While the slide in yields indicates that least some of the worry has come out of the market, any further signs that inflation will stick around longer than policymakers expect could change investors’ minds in a hurry.

That’s because of the swirling dynamics that threaten to raise that stagflation specter. The biggest growth concern right now centers on the threat that Covid-19 and its delta variant pose. Slowing growth and rising inflation could be lethal for the current investing landscape.

“If the virus begins to spread rapidly again, that would curtail economic growth and prolong the inflationary supply chain disruptions that have affected so many industries including semiconductors and housing,” said Nancy Davis, founder of Quadratic Capital Management and portfolio manager of the Quadratic Interest Rate Volatility and Inflation Hedge Exchange-Traded Fund.

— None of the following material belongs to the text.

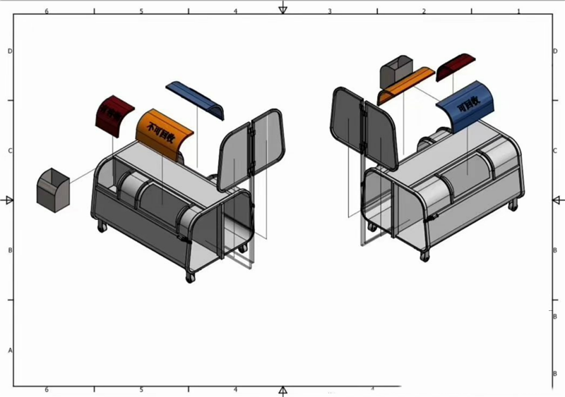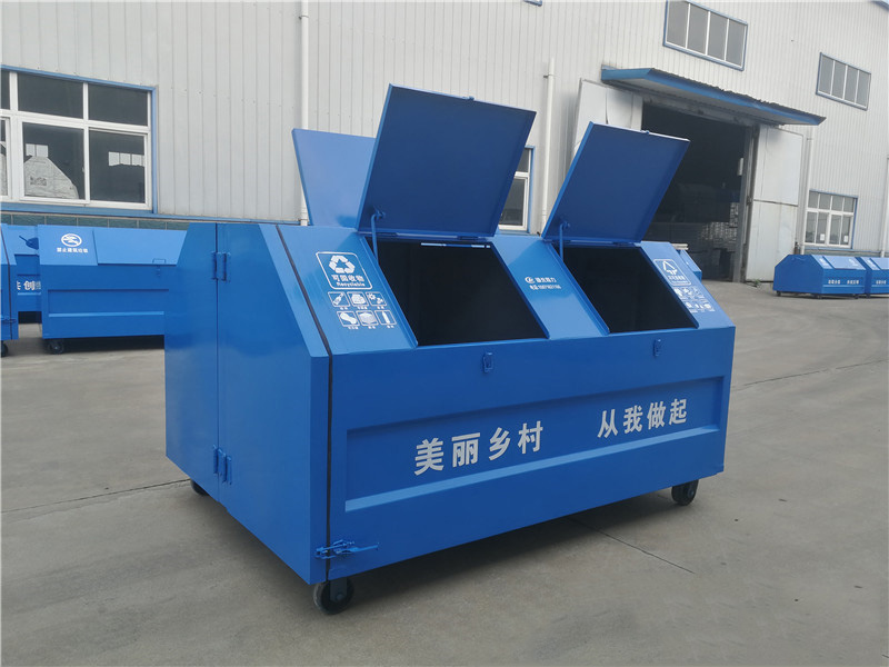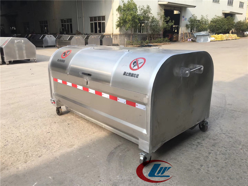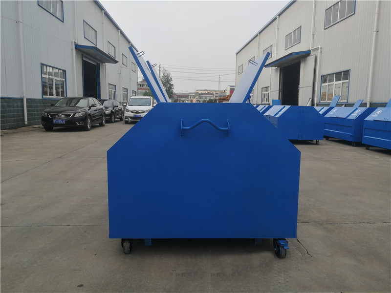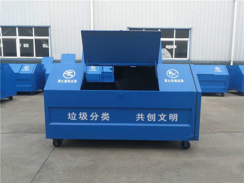 4.箱体Q235碳钢,侧板实际厚度mm:1.8/2.5,垃圾箱前后门主骨架采用50*30*1.5mm厚Q235方管,底部槽钢100*50*2mm矩形方筒,底板采用两根50*30*1.5mm方管及一根锁紧方管(40*40*1.5mm),箱体前挂钩采用3cm直径钢筋

“Stagflation is an even bigger risk for investors than inflation,” Davis added.

Collins, though, said he sees the current 10-year yield as trading around fair value considering the circumstances.

The Treasury market is often far more deliberate than its equity-focused counterpart, which can swing wildly on headlines both good and bad. At its current level, the bond market is taking a cautious view on what’s ahead.

With the stock market’s sensitivity lately to what’s been happening in bonds, that could mean some volatility on the equity side.

“Given what’s happened over the last 18 months and the problems much of the world faces over the next 2-3 years, a 1.2% 10-year is understandable,” wrote Nick Colas, co-founder of DataTrek Research. “It doesn’t mean equities are fated to have a tough remainder of 2021, or that a crash is imminent. It does mean that Treasuries have a healthy respect for history, especially the last decade’s worth of subpar U.S. inflation.”